# Happy Birthday Black Cat!!!!!!!!!



## PrettyGhoul (Oct 7, 2005)

*Happy Birthday Karen!!! I hope you enjoy a wonderful day and year!!*


----------



## Vlad (Aug 2, 2005)

Happy Birthday, and no she won't, I'm here, hehehe


----------



## Fangs (Jun 6, 2006)

Happy Happy, Happy Birthday, Happy Birthday Birthday to you BC!!!!!!!!!!! Don't let Vlad get away with making ya cook on your B-day!!!! Vlad, you know you have to take her somewhere nice, right!?! She REALLY deserves it!! :devil: heeheeheehee


----------



## Bloodhound (Oct 16, 2007)

Happy Birthday BC​


----------



## Bone Dancer (Oct 7, 2005)

Happy Birthday Karen


----------



## scareme (Aug 29, 2006)

Happy Birthday to you!
Happy Birthday to you!
Happy Birthday dear Karen!
Happy Birthday to you!


----------



## sharpobject (May 7, 2008)

Happy Birthday Karen!!!


----------



## Spookineer (Aug 20, 2006)

Have a great Birthday!


----------



## HalloweenZombie (Jul 22, 2007)

Happy happy Birthday!


----------



## turtle2778 (Jul 9, 2006)

Karen, I hope its your best one yet even with Ken there.


----------



## Ghostess (Aug 21, 2005)

Happy Birthday!!!!!!!!!!!!!!!!!!!!!!!!!!!!!!!!!!!


----------



## Wyatt Furr (Jun 5, 2006)

Happy Birthday to Youoooooooooo


----------



## Black Cat (Aug 20, 2005)

Thanks, enjoying an absolutely gorgeous day here.


----------



## Lilly (Jun 13, 2006)

Happy Bday BC..
Have a Great Day


----------



## Zombie-F (Apr 12, 2004)

Happy Birthday Karen! Did Vlad get you anything good for your birthday? Any Dryer lint.


----------



## pyro (Oct 7, 2006)

Happpy Birthday Black Cat

http://www.twistedsiblings.com


----------



## Hawks Hill Haunter (Apr 1, 2007)

Beautifully ghoulish Birthday wishes to you Black Cat!!!!! Enjoy your day, my dear!


----------



## perdidoman (Dec 2, 2007)

*Happy Birthday !!*


----------



## Ms. Wicked (Nov 14, 2006)

I hope you're having a wonderful day!!!!!!!

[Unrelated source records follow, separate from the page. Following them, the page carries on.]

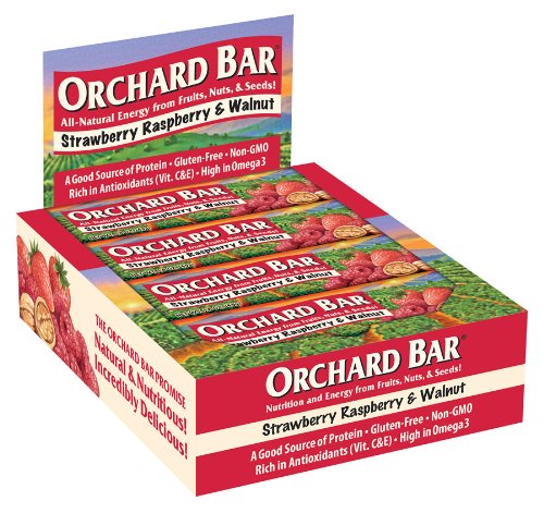 All natural energy bars from fruits, nuts and seeds. A good source of protein and Omega 3. No preservatives,60% Organic, Non-GMO, Vegan, Kosher, dairy free and Gluten-FreeOrchard Bars Strwberry, Raspberry & Walnut Bars, 1.6-Ounce Bar, 12-Count Feature
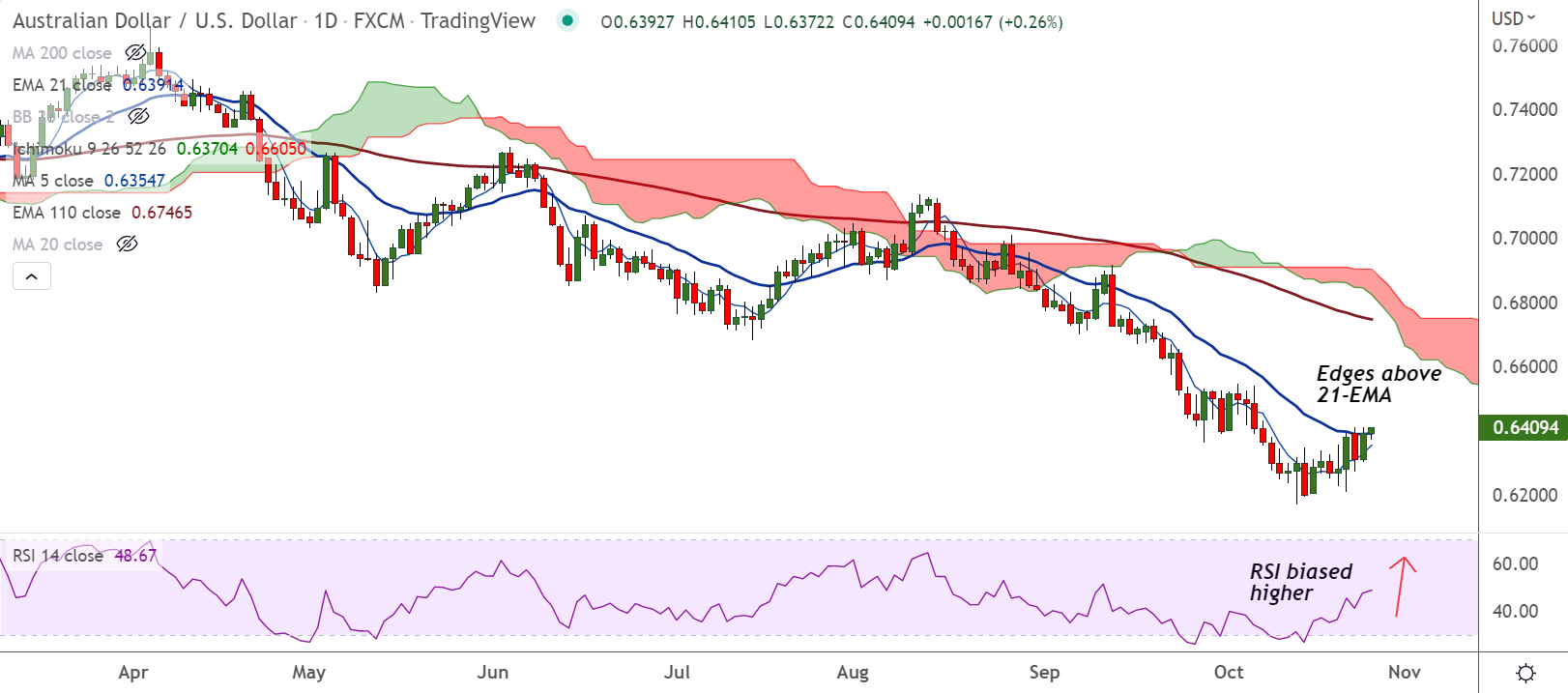 AUD/USD was trading 0.26% higher on the day at 0.6409 at around 04:35 GMT. The pair has edged above 21-EMA raising scope for further upside.
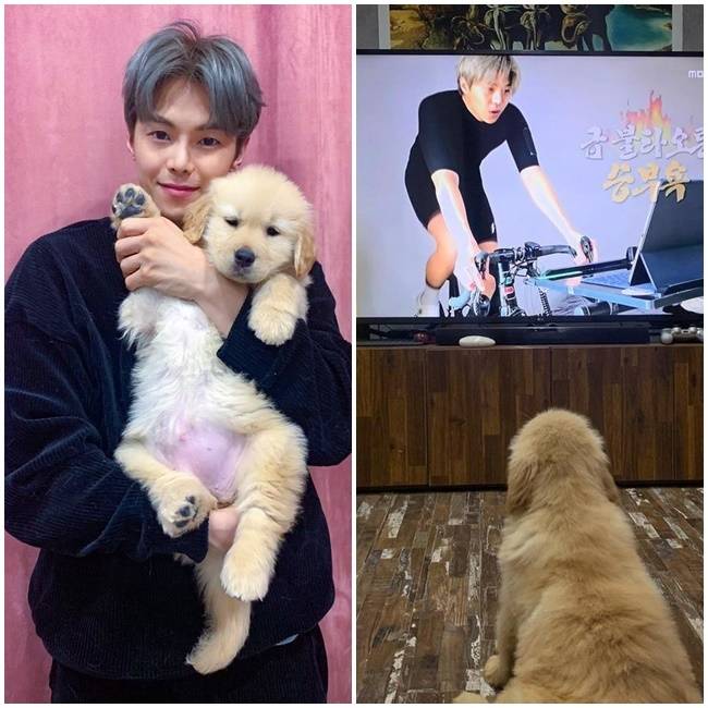 공개된 사진 속 박은석 강아지 몰리는 TV앞에 서서 MBC '나 혼자 산다'에 출연 중인 박은석을 보고 있는 모습이다.
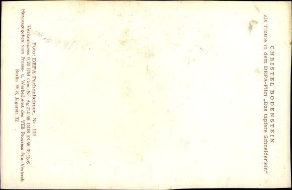 Ak Schauspielerin Christel Bodenstein, DEFA, Das tapfere Schneiderlein, Portrait

Happy Birthday my dear friend!


----------



## SpectreTTM (Aug 22, 2005)

Happy Birthday Black Cat 

Hope it was a good one.

Missed you guys at the Gathering Yesterday.


----------



## GothicCandle (Mar 26, 2007)

Happy birthday!


----------



## slightlymad (May 25, 2006)

Happy Happy Horror Day:biggrineton:


----------



## Haunted Bayou (Feb 16, 2007)

Have a fantastic, fun birthday, Black Cat!


----------



## Adam I (Jun 16, 2007)

Happy Birthday


----------



## Hauntiholik (May 17, 2006)

Happy Birthday Black Cat!


----------



## Death's Door (Mar 22, 2006)

Happy Belated Birthday Day Black Cat!!!!!!!!!


----------



## Sickie Ickie (Jun 20, 2006)

happy happy joy joy Karen!


----------



## The_Caretaker (Mar 6, 2007)

Happy birthday


----------



## Black Cat (Aug 20, 2005)

Thanks everyone for the Birthday Wishes. Had a great day and yes Vlad took me out to dinner. We ate so much we didn't have room for Birthday Cake.


----------



## dynoflyer (Oct 8, 2006)

Happy Birthday, Black Cat!


----------